=== Given data ===

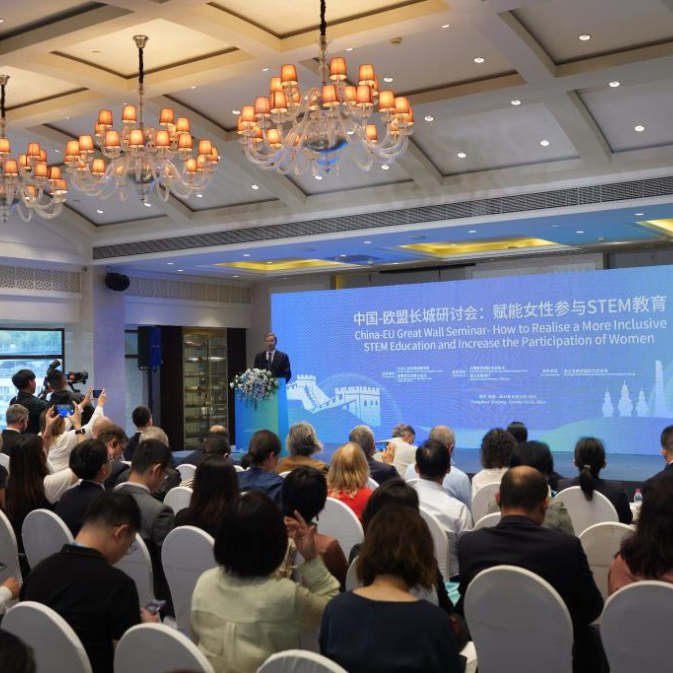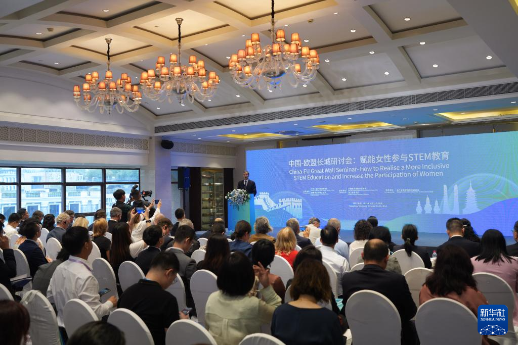 当日,中国-欧盟长城研讨会在浙江杭州开幕。长城研讨会是中欧高级别人文交流对话机制框架下的教育政策对话平台,今年是首次举办。双方教师、教育工作者和教育智库代表围绕“赋能女性参与STEM教育”主题进行研讨交流。
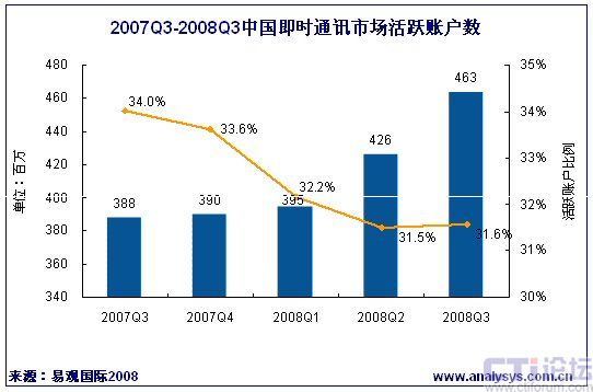 2008年第3季中國即時(shí)通訊活躍帳戶數(shù)達(dá)4.63億
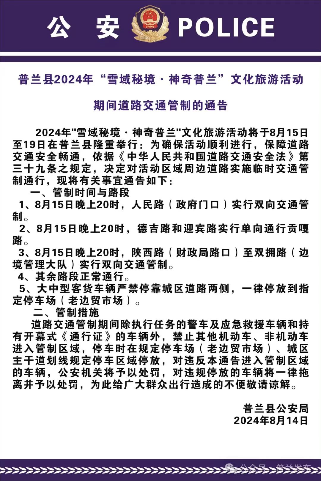2024年“雪域秘境·神奇普兰”文化旅游 活动期间部分道路交通管制通告
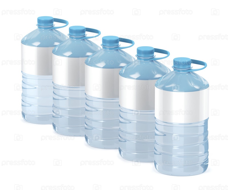 Большие бутылки с водой на белом
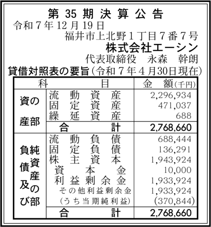 株式会社Life Bank 福井市 【2025年2月期】 |
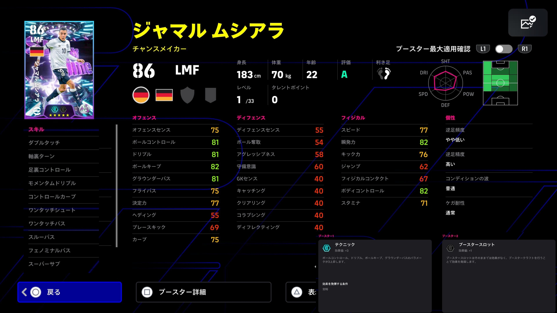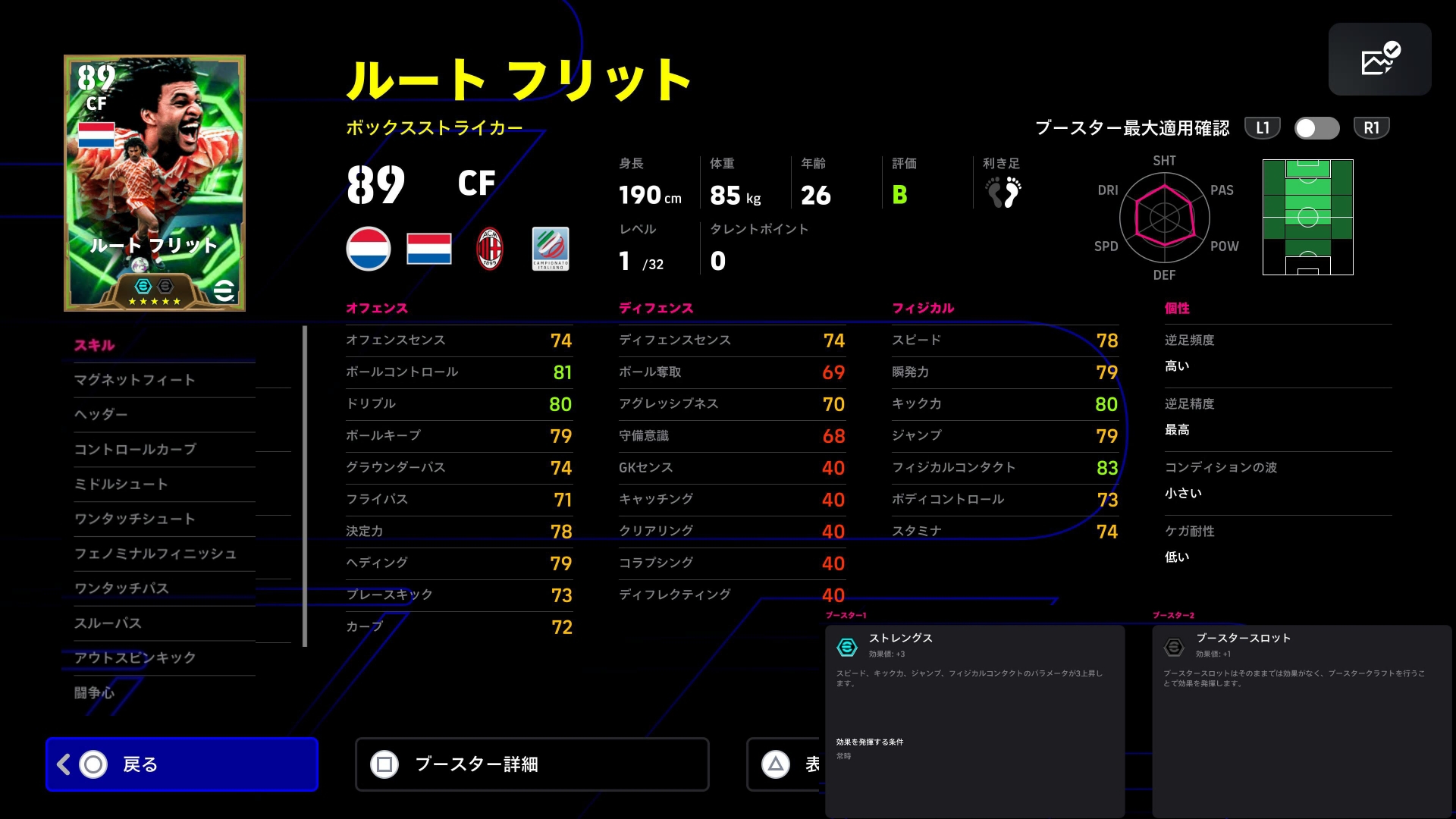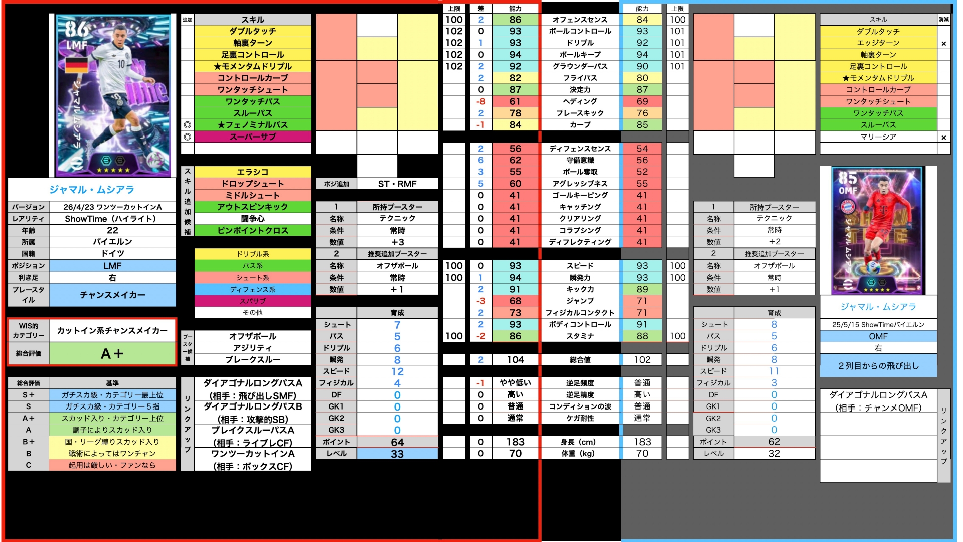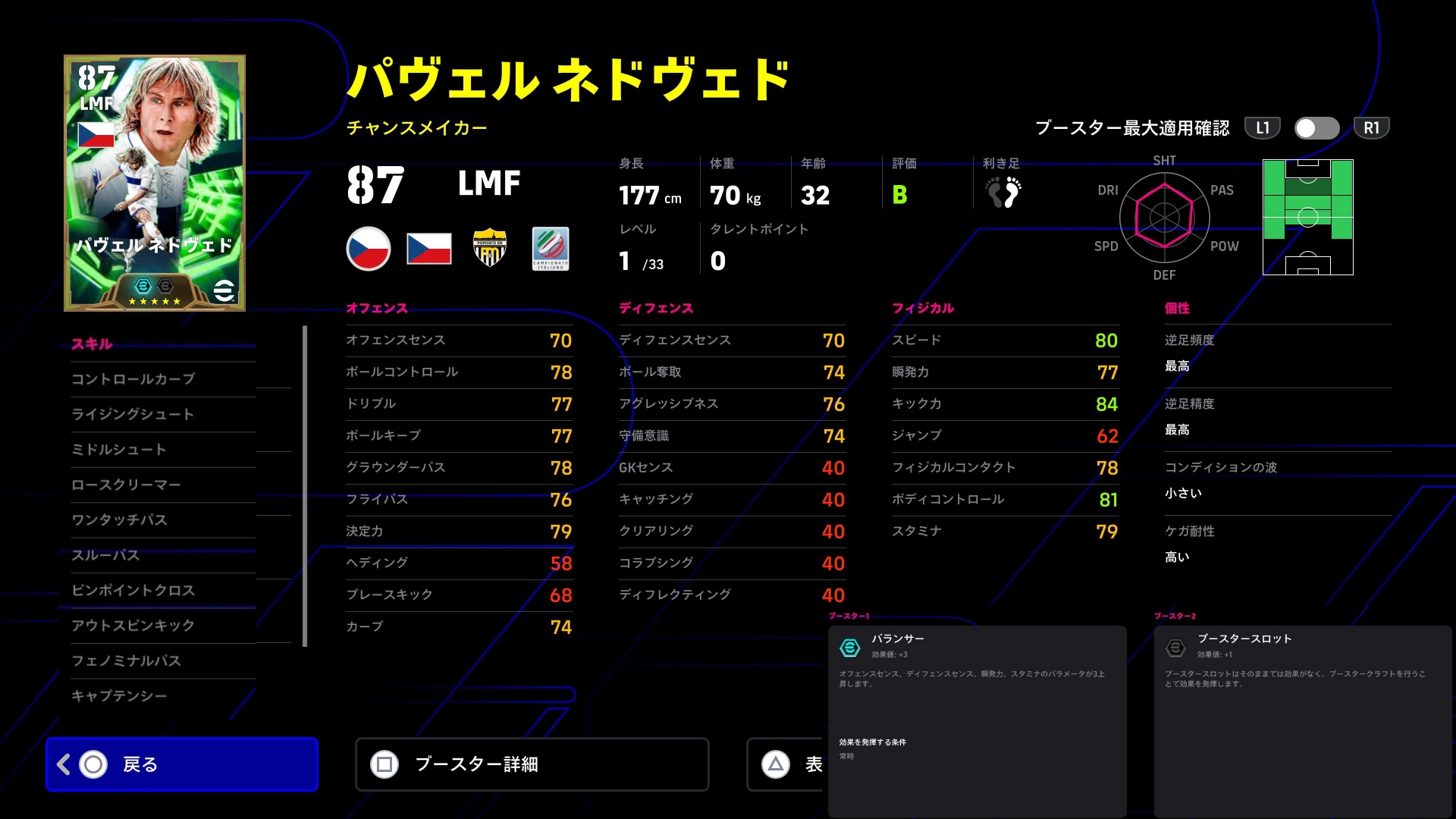 で、その時両名のパスとボルコンの精度上昇。

===

[What you should do] Give all entries again verbatim, without any images.

[Result below]
 当日,中国-欧盟长城研讨会在浙江杭州开幕。长城研讨会是中欧高级别人文交流对话机制框架下的教育政策对话平台,今年是首次举办。双方教师、教育工作者和教育智库代表围绕“赋能女性参与STEM教育”主题进行研讨交流。
 2008年第3季中國即時(shí)通訊活躍帳戶數(shù)達(dá)4.63億
2024年“雪域秘境·神奇普兰”文化旅游 活动期间部分道路交通管制通告
 Большие бутылки с водой на белом
 株式会社Life Bank 福井市 【2025年2月期】 |
 で、その時両名のパスとボルコンの精度上昇。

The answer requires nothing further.